Nils Kristian Afsetha Matthew Bloomfieldb Jens Petter Wolda and Pavel Matousekb,c
aNofima—Norwegian Institute of Food, Fisheries and Aquaculture Research, PB 210, N-1431 Ås, Norway. E-mail: [email protected]
bCobalt Light Systems Limited, 174 Brook Drive, Milton Park, Abingdon, Oxfordshire, OX14 4SD, UK
cCentral Laser Facility, Research Complex at Harwell, STFC Rutherford Appleton Laboratory, Harwell Oxford, OX11 0QX, UK
Introduction
For several decades, Raman spectroscopy has been considered a potential and promising tool within the area of food analysis. Raman spectroscopy offers a combination of sampling opportunities and chemical specificity that allows for a variety of applications: the spectral information that could be obtained is close and complementary to the information obtainable from mid-infrared spectra, whereas the sampling opportunities, including the ease of using fibre optic probes, are close to the standard non-invasive approaches used in near infrared (NIR) spectroscopy. However, the widespread use of Raman spectroscopy in food analysis, and in biological and medical applications in general, has been hampered by several inherent obstacles. Dominating background signals from fluorescing biomolecules have constituted a part of this challenge, as the analyte Raman scattering frequently is “buried” in this dominating fluorescence signal. Another important challenge has been related to representative sampling. As we all know, foods are notoriously heterogeneous, and instrumental limitations in laser spot sizes of Raman instrumentation have often restricted analysis to be performed only on very small sample spots (often below a diameter of 1 mm). In addition, the conventional Raman backscattering geometry has confined Raman analysis to the near surfaces of a sample.
Recent instrumental developments have provided new possibilities for probing deeper layers of opaque biological materials, for representative analyte sampling and even, to some extent, for the rejection of background fluorescence when originating from near surface layers. These developments have first of all been pushed forward by advances in the fields of pharmaceutical analysis and biomedical diagnostics using Raman spectroscopy. One of these developments has made so-called wide area illumination schemes available, providing laser beam diameters in the range of 3–7 mm, thereby significantly improving sampling volumes and thus the possibilities for representative sampling.1 Commercial instruments offering these capabilities have been available for some time now.

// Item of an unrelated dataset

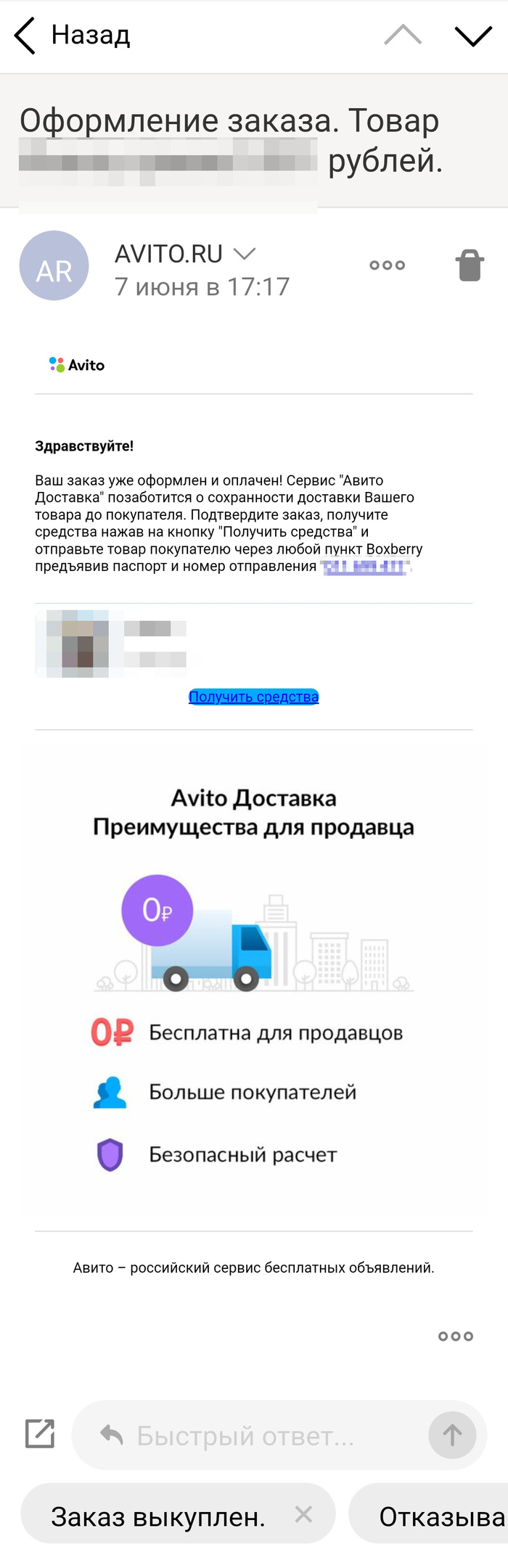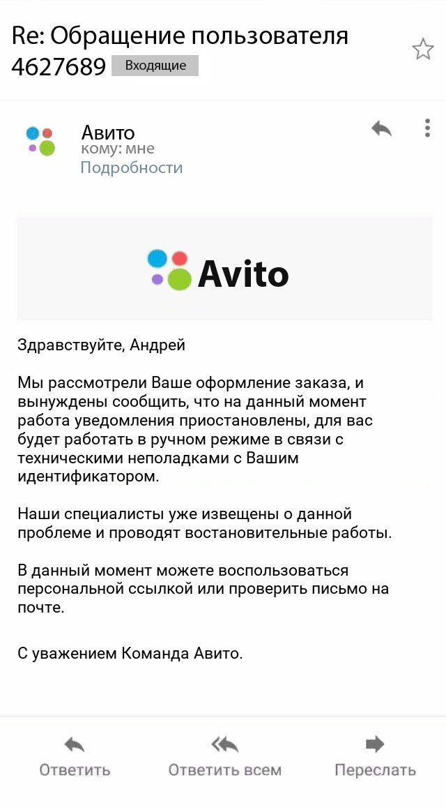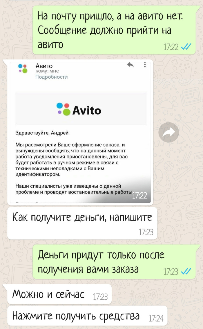 И опа... Он скидывает мне скрин сообщения якобы от тех поддержки Авито, что оформление доставки работает только через электронную почту!!!

For probing deeper into biological tissue, two emerging sampling approaches are of high interest, namely transmission Raman spectroscopy and Spatially Offset Raman Spectroscopy (SORS).
Figure 1 provides a general schematic description of the optical configurations in question. In the normal backscattering configuration (left), Raman scattering excitation and detection is performed at the same sample position. For SORS (middle), acquisition of Raman spectra are undertaken from regions spatially offset on the sample surface from the point of the excitation laser beam. In transmission Raman (right), the excitation laser and the detector are placed on opposite sides of the sample. The latter approach may thus be considered as an extreme version of SORS.
Transmission Raman spectroscopy was explored in the earlier days of Raman spectroscopy, but the approach was “revitalised” in 2006.2 Today, transmission Raman spectroscopy has found multiple applications within pharmaceutical tablet analysis, and the technique is also a promising tool within biomedical diagnostics. For samples of adequate size, transmission Raman spectroscopy could be a highly feasible approach for future food applications. The approach has recently been used to quantify fat and protein contents in single soybeans3 and for compositional analysis of corn kernels.4
The approach of SORS in Raman spectroscopy is similar to the so-called “interactance” approach which is frequently used in NIR spectroscopy for penetrating deeper into biological tissues like meat, whole fruits and vegetables. SORS is capable of isolating Raman spectra of individual sub-layers within a diffusely scattering system, and in the first feasibility study, SORS was used for characterising trans-stilbene powder beneath a 1 mm thick polymer layer.5 Subsequently, the technique has found a range of applications within different fields, from the in vivo analysis of bone to through-packaging analysis in the pharmaceutical field and the analysis of liquid and gel explosives in bottles. Within the field of food analysis, SORS has been used to evaluate the internal maturity of tomatoes6 and, recently, we showed that SORS can be used for qualitative and quantitative characterisation of quality parameters of intact salmon.7
SORS in salmon analysis
For salmon, both the content of fat, the fat composition and the content of carotenoids are important quality parameters. These characteristics are all to a certain degree dependent on the feeding and for farming and breeding purposes these quality features are important control parameters in order to find the best balance between the cost of feeding and maintaining optimal quality for the consumers. Thus, non-invasive tools for assessing quality parameters of live or slaughtered fish would be of major benefit for farming and breeding purposes, and for product quality control. It is known that visible and NIR spectroscopy can be used for predicting fat content and carotenoid concentrations in live and slaughtered salmon.8 The fat content predictions are based on a specific fat absorption band in the NIR region. The carotenoid predictions, on the other hand, are based on the carotenoid absorptions in the visible region, but these measurements are obscured by absorptions in the salmon skin, making the prediction model less robust.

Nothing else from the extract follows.